◆ Task to carry out ◆
Would you return each entry exactly as written, omitting any pictures?

◆ Exercise input ◆

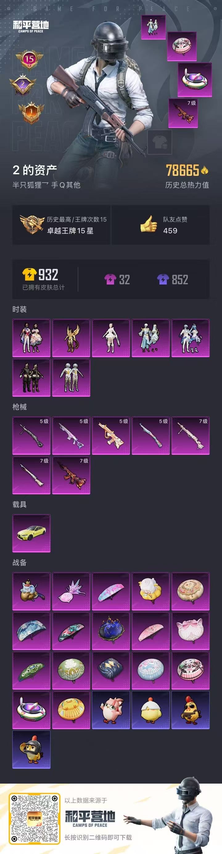 7粉装 7特效呛 1.0载具 15印记 可二次 【热门装扮】鹰眼刺客派对舞王小金鞋梦魇先生千面幻镜暗夜鎏金未来歌姬金丰海韵千金淑猫凤凰座 一辉星穹咏叹调 【载具】宝马m4圣保罗黄 【稀有呛皮】aug-暖羊咩咩m416风花雪月m24莲影清波kar98k-巳巳如意
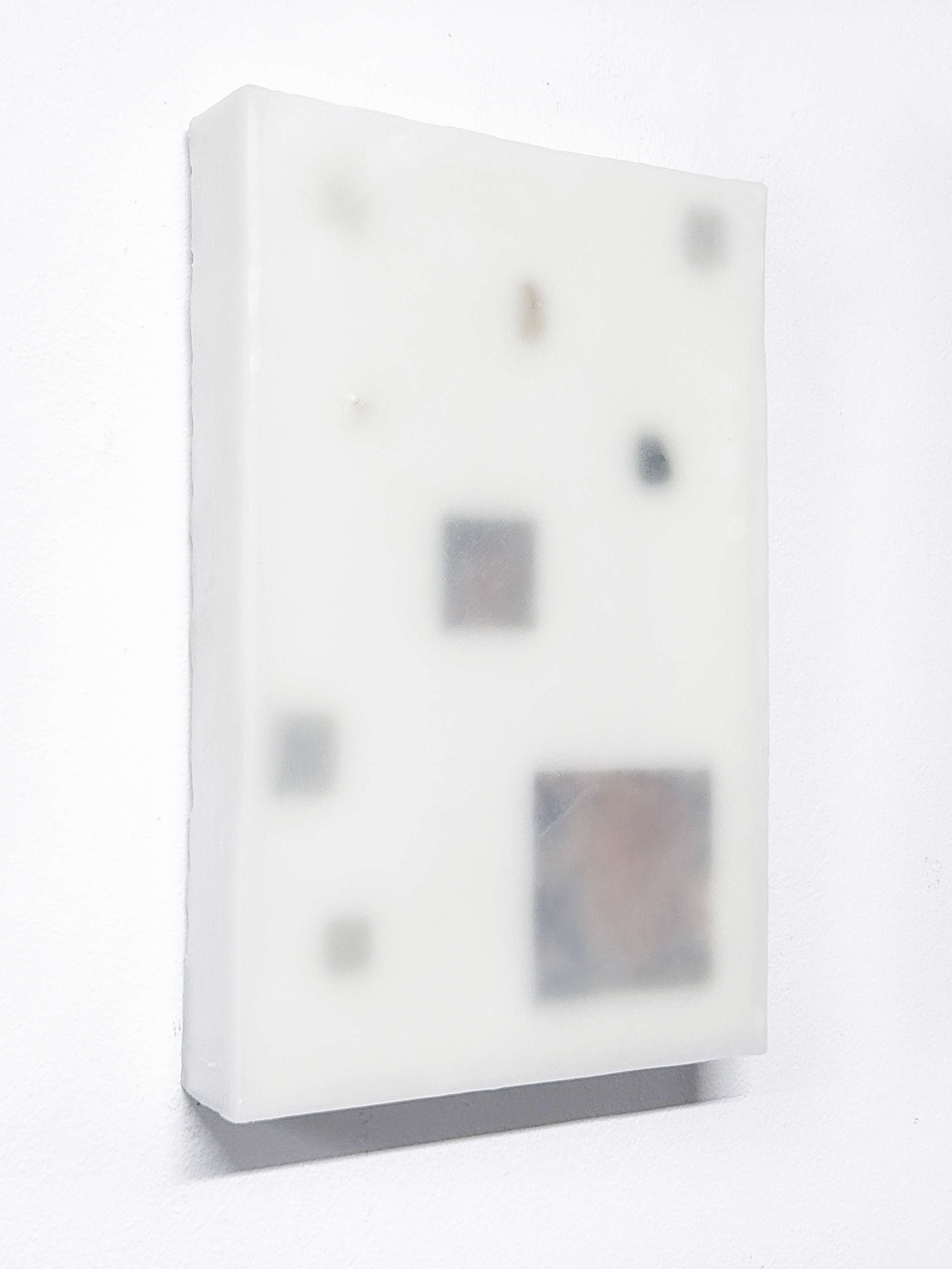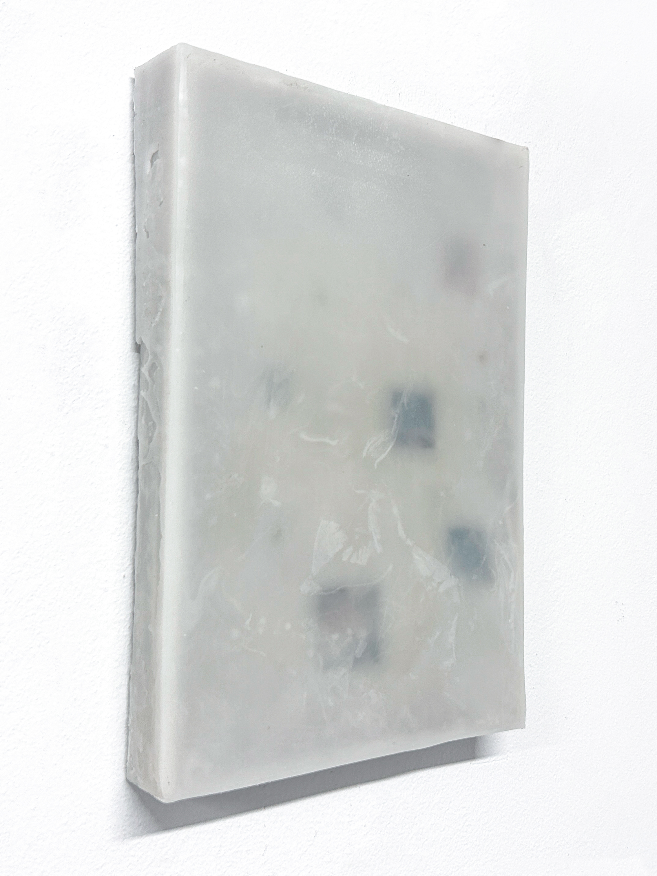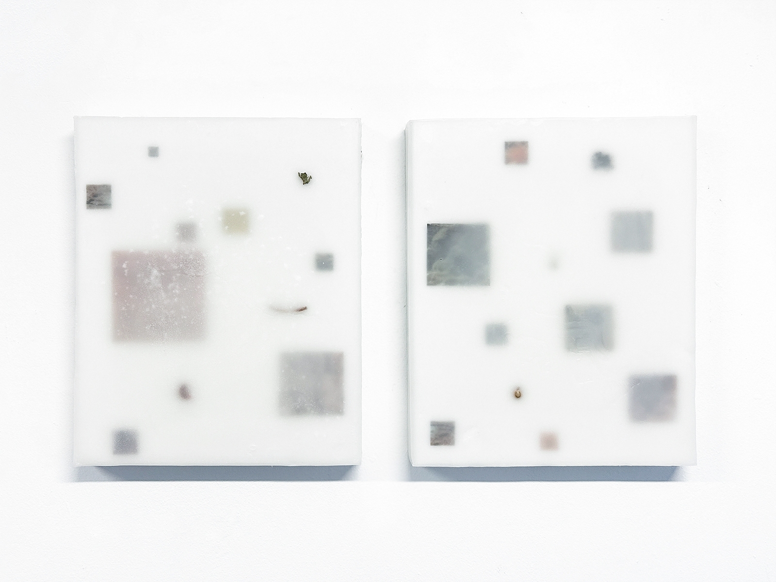 During his stay in Lanzarote, Minch builds a bank of surfaces: photographs of textures, traces, and imprints of the environment, alongside small organic and mineral elements collected on the island. These remnants are encapsulated in wax frames, creating pieces that oscillate between preservation and transformation. Wax acts as a membrane that veils and unveils, protecting while also yielding to the passage of time and climatic conditions.
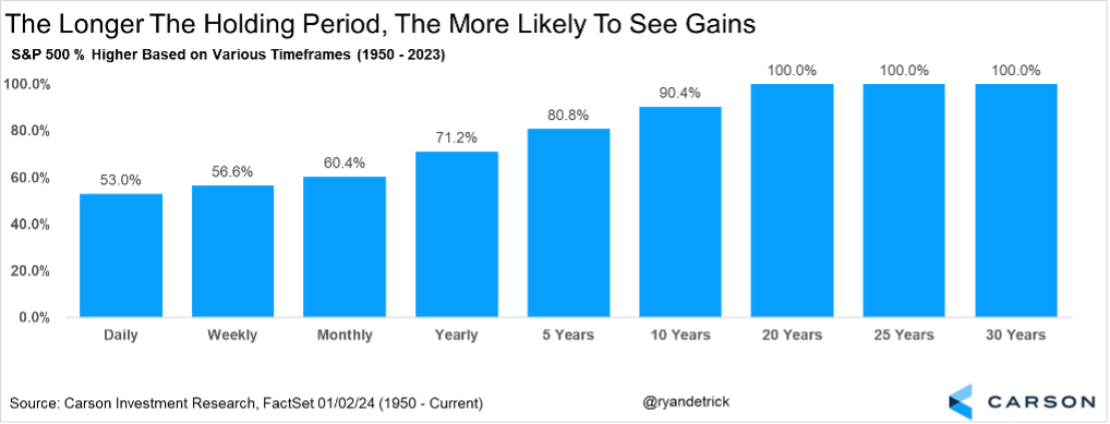 One of the wisest stock market sayings goes, “It is about time in the market, not timing the market.” Below shows how stocks tend to produce positive gains the longer you hold. Also, imagine the impact from buying when stocks are down (like many are now)? These returns likely only get even better.
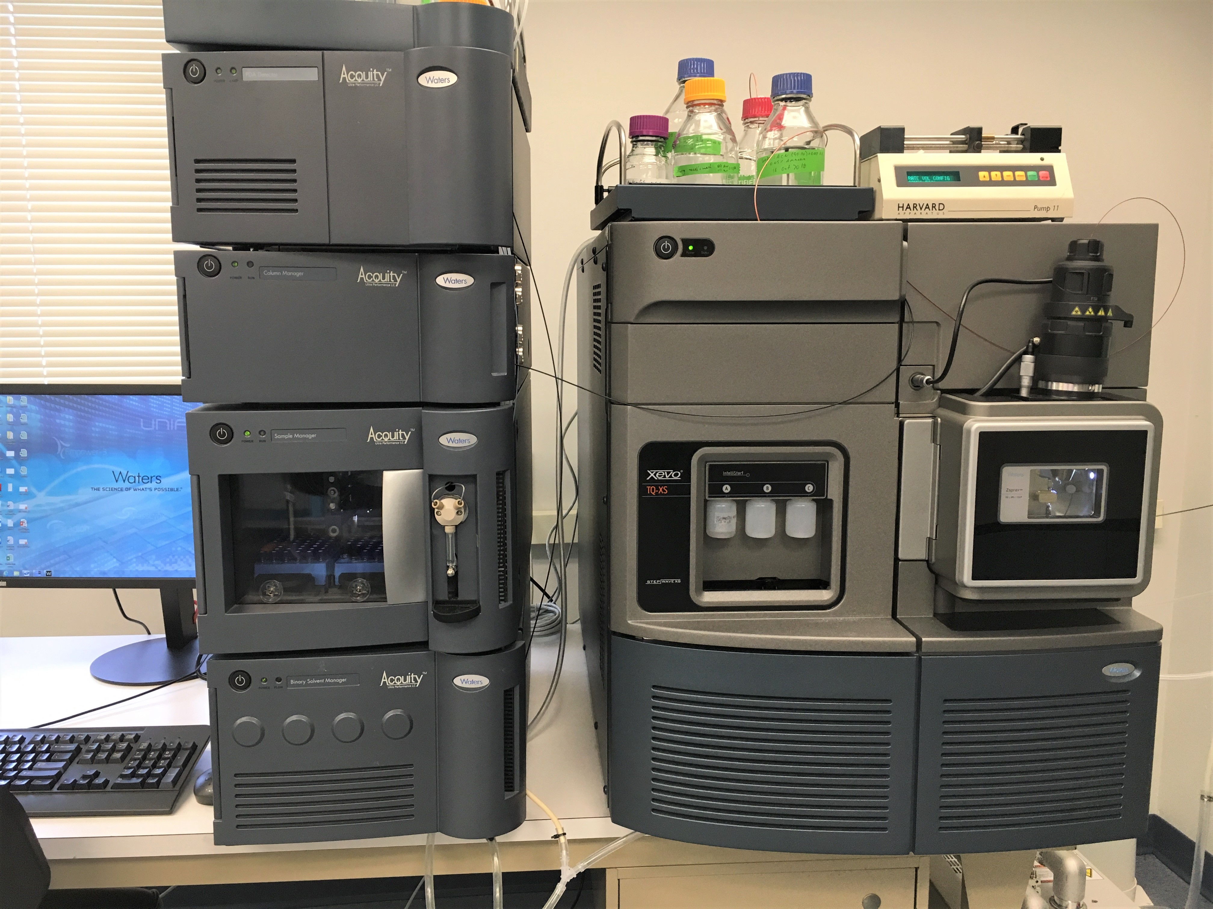 Waters Xevo TQ-XS with Acquity UPLC ~targeted metabolomics~ A triple quadrupole mass spectrometer for targeted metabolomics and small molecule quantitation using conventional flow UPLC. UPLC fitted with an inline photodiode array detector. |
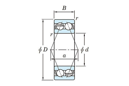 In anderen Szenarien kann ein einziges zweireihiges Schrägkugellager ausreichen. Diese Ausführung integriert zwei Schrägkugellager Rücken an Rücken in denselben Ring. Im Querschnitt besteht es im Wesentlichen aus zwei einzelnen Schrägkugellagern. Sein Hauptvorteil ist die geringere Breite im Vergleich zu zwei einreihigen Lagern, was Platz spart und Montage vereinfacht – funktional entspricht es einem Paar einreihiger Lager in O-Anordnung.
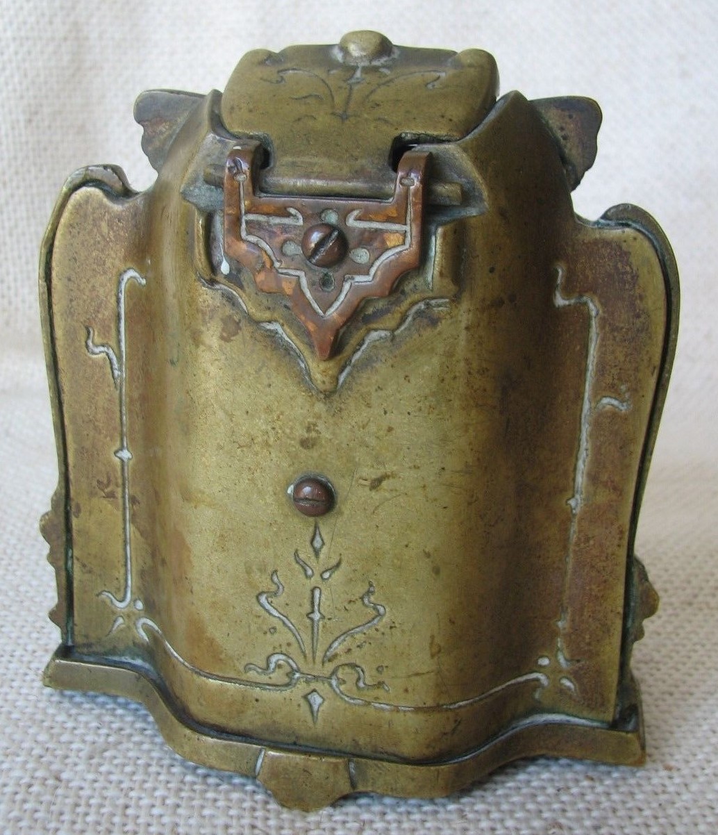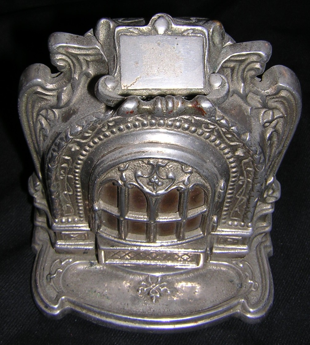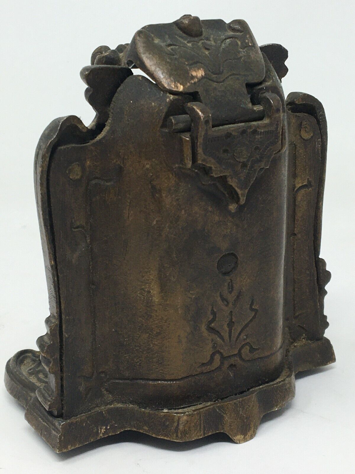 Two examples of inkstands in the form of heating stoves – miniature versions of stoves manufactured by the Godin cast iron foundry – possibly advertising pieces or sales samples.
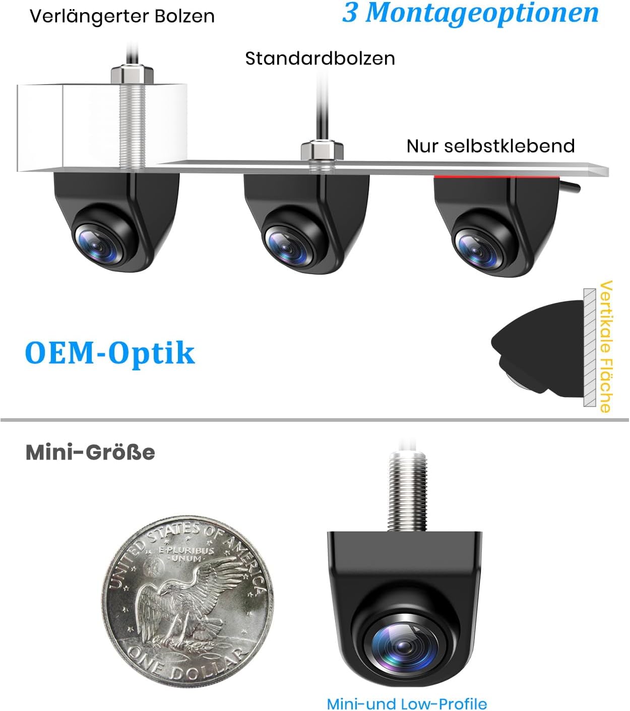• Скрит монтаж с оригинален външен вид: Благодарение на OEM дизайна, може да се монтира гъвкаво отпред, отзад или върху регистрационния номер. Подходящ за автомобили, SUV-ове и пикапи, без да се модифицира каросерията и запазвайки външния вид на автомобила.

◆ Response to this task ◆
 7粉装 7特效呛 1.0载具 15印记 可二次 【热门装扮】鹰眼刺客派对舞王小金鞋梦魇先生千面幻镜暗夜鎏金未来歌姬金丰海韵千金淑猫凤凰座 一辉星穹咏叹调 【载具】宝马m4圣保罗黄 【稀有呛皮】aug-暖羊咩咩m416风花雪月m24莲影清波kar98k-巳巳如意
 During his stay in Lanzarote, Minch builds a bank of surfaces: photographs of textures, traces, and imprints of the environment, alongside small organic and mineral elements collected on the island. These remnants are encapsulated in wax frames, creating pieces that oscillate between preservation and transformation. Wax acts as a membrane that veils and unveils, protecting while also yielding to the passage of time and climatic conditions.
 One of the wisest stock market sayings goes, “It is about time in the market, not timing the market.” Below shows how stocks tend to produce positive gains the longer you hold. Also, imagine the impact from buying when stocks are down (like many are now)? These returns likely only get even better.
 Waters Xevo TQ-XS with Acquity UPLC ~targeted metabolomics~ A triple quadrupole mass spectrometer for targeted metabolomics and small molecule quantitation using conventional flow UPLC. UPLC fitted with an inline photodiode array detector. |
 In anderen Szenarien kann ein einziges zweireihiges Schrägkugellager ausreichen. Diese Ausführung integriert zwei Schrägkugellager Rücken an Rücken in denselben Ring. Im Querschnitt besteht es im Wesentlichen aus zwei einzelnen Schrägkugellagern. Sein Hauptvorteil ist die geringere Breite im Vergleich zu zwei einreihigen Lagern, was Platz spart und Montage vereinfacht – funktional entspricht es einem Paar einreihiger Lager in O-Anordnung.
 Two examples of inkstands in the form of heating stoves – miniature versions of stoves manufactured by the Godin cast iron foundry – possibly advertising pieces or sales samples.
• Скрит монтаж с оригинален външен вид: Благодарение на OEM дизайна, може да се монтира гъвкаво отпред, отзад или върху регистрационния номер. Подходящ за автомобили, SUV-ове и пикапи, без да се модифицира каросерията и запазвайки външния вид на автомобила.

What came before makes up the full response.